■ **PROBLEM DESCRIPTION**: In the entries below, find the line with "Headquarter Multan Log" and the line with "Бусины шарики из". Repeat exactly everything between them, those two lines included, but not the pictures.

■ **EXTRACTED MATERIAL**:
Start of Block

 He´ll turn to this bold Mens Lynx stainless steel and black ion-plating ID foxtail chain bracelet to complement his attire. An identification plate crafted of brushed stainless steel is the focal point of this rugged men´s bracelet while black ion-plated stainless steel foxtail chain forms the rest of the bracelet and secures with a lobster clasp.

End of Block
Start of Block

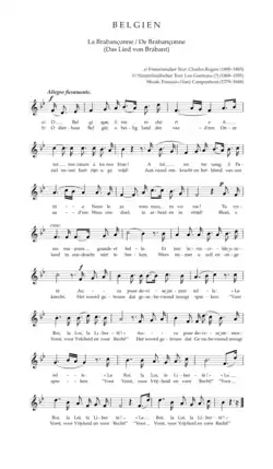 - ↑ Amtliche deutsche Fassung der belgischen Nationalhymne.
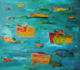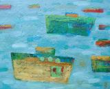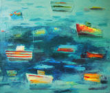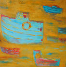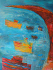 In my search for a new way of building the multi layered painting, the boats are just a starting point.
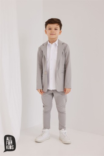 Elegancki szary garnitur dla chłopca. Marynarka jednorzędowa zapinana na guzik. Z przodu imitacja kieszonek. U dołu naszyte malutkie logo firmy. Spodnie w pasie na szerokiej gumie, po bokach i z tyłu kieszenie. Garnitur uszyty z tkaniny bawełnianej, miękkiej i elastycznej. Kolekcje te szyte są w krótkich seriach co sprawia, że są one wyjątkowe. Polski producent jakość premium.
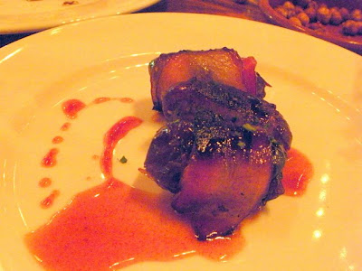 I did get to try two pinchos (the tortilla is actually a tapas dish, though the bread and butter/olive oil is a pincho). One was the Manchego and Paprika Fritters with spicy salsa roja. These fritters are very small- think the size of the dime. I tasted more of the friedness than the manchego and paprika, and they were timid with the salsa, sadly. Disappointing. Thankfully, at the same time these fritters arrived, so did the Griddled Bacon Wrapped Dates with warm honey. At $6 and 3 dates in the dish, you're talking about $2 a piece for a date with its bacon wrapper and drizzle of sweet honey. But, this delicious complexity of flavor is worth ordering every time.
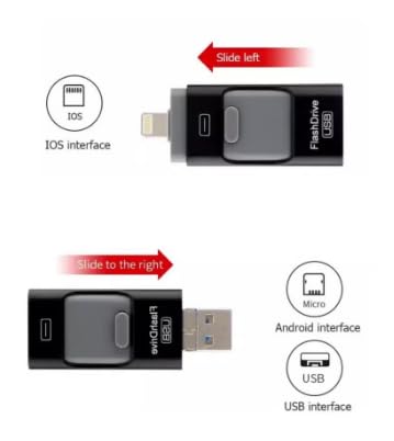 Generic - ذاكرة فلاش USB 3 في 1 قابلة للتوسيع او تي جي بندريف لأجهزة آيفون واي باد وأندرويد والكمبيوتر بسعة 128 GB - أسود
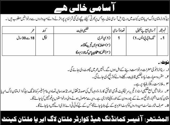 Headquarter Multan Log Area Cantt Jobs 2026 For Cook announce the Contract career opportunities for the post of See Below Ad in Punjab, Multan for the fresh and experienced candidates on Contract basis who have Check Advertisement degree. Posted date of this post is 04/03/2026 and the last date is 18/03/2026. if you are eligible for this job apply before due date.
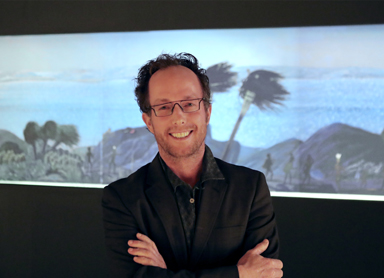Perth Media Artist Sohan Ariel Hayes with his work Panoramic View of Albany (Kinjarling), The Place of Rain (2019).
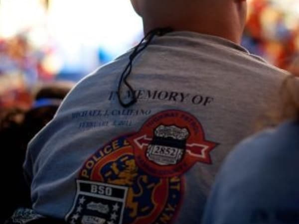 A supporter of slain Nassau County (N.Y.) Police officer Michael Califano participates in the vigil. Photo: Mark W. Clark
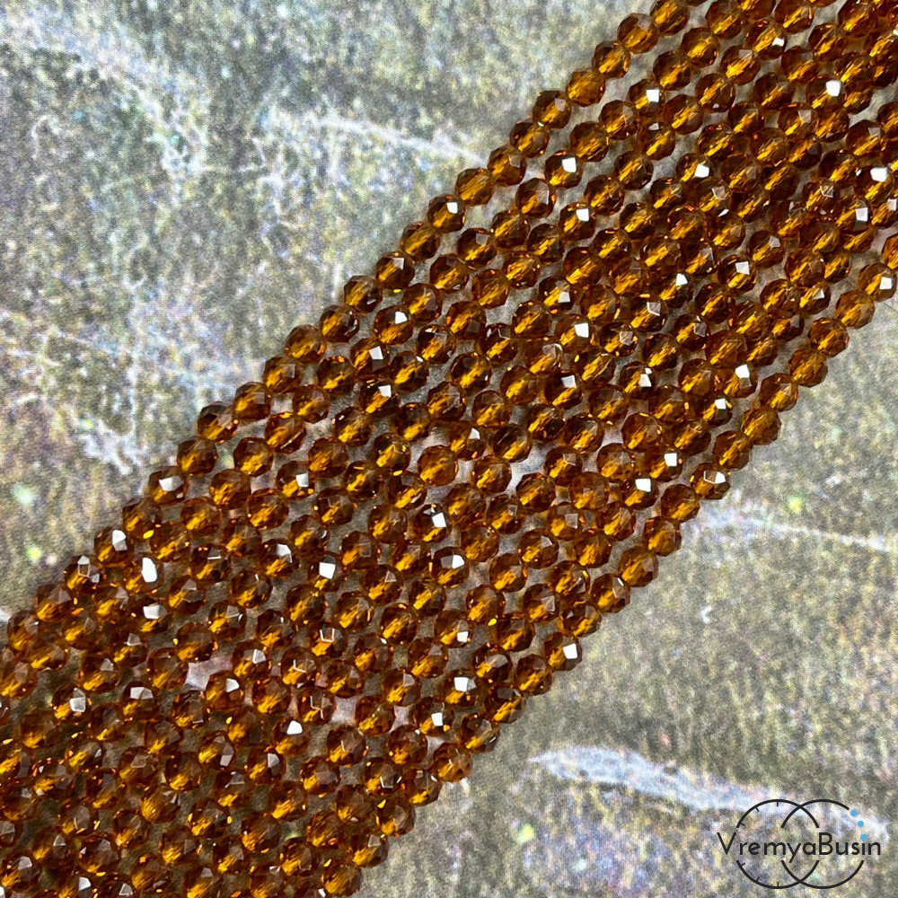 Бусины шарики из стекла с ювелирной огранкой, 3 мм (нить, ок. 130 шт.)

End of Block

■ **FINAL ANSWER**:
 Headquarter Multan Log Area Cantt Jobs 2026 For Cook announce the Contract career opportunities for the post of See Below Ad in Punjab, Multan for the fresh and experienced candidates on Contract basis who have Check Advertisement degree. Posted date of this post is 04/03/2026 and the last date is 18/03/2026. if you are eligible for this job apply before due date.
Perth Media Artist Sohan Ariel Hayes with his work Panoramic View of Albany (Kinjarling), The Place of Rain (2019).
 A supporter of slain Nassau County (N.Y.) Police officer Michael Califano participates in the vigil. Photo: Mark W. Clark
 Бусины шарики из стекла с ювелирной огранкой, 3 мм (нить, ок. 130 шт.)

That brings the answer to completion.